What version of ripgrep are you using?

ripgrep 12.1.1 (rev 7cb2113)
-SIMD -AVX (compiled)
+SIMD -AVX (runtime)

How did you install ripgrep?

Unzipped Windows 64 bit versions (both MSVC and GNU behave identical, using MSVC).

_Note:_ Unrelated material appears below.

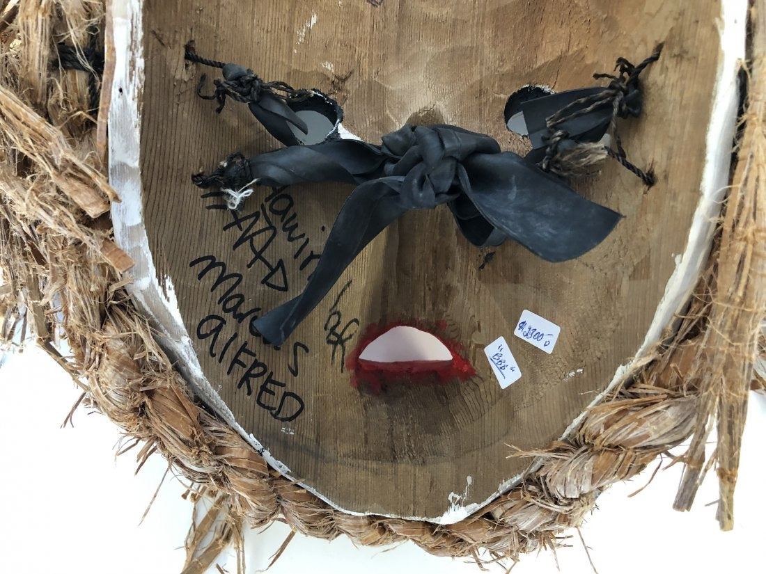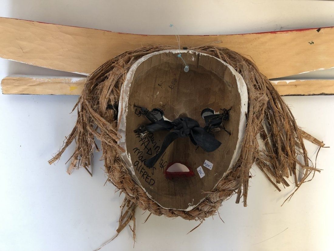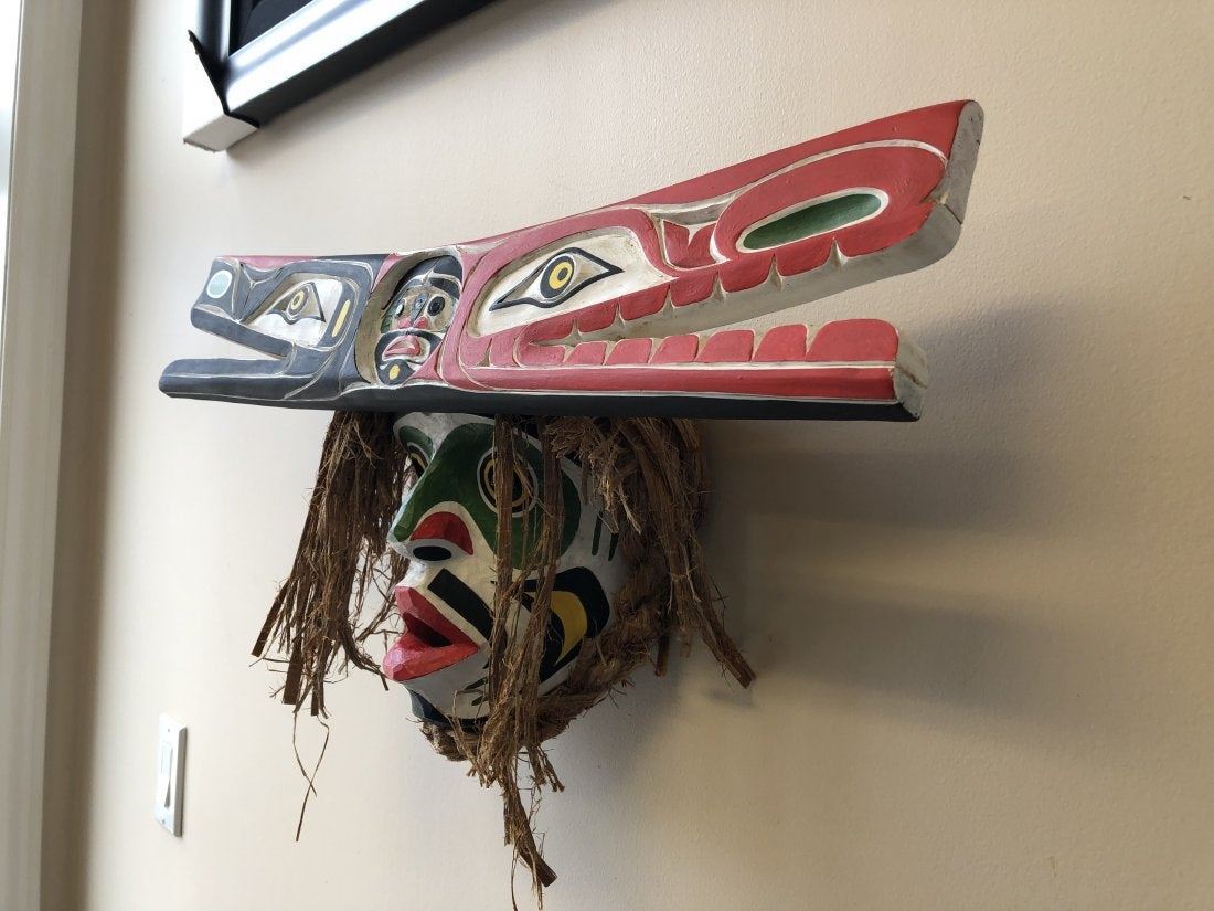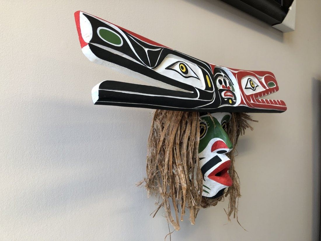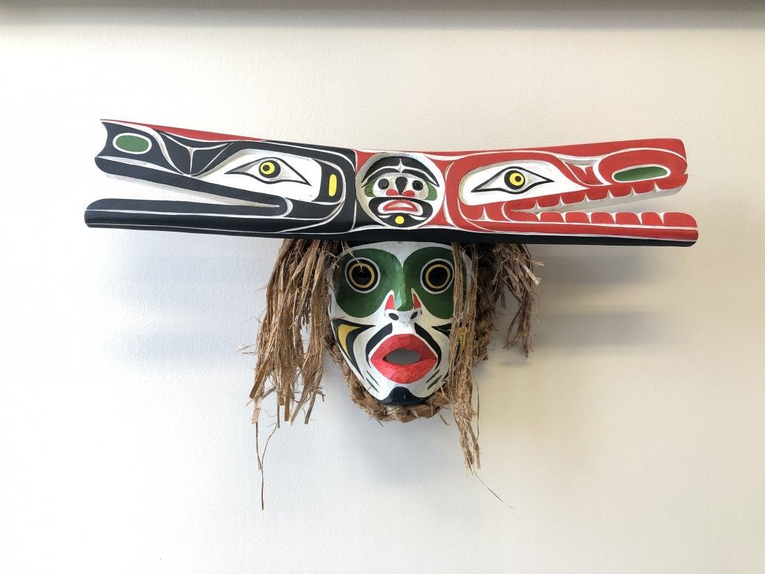 Marcus Alfred's "Hawinalat" original wooden carved mask. Carved in 2016, from the Kwakwaka'wakw Nation, Vancouver Island. This mask is white, green, yellow, black and red, and made of yellow cedar. Valued between $4,800 - $5,000 in 2019. This mask is in excellent condition. 12" x 5 1/2" x 23 3/4"

What operating system are you using ripgrep on?

Windows 10 Pro
Build 18362.19h1_release.190318-1202

Describe your bug.

Inconsistent output of umlauts on Windows depending on running ripgrep from CMD or Git Bash.

What are the steps to reproduce the behavior?

Both shells are configured to use Lucida Console font.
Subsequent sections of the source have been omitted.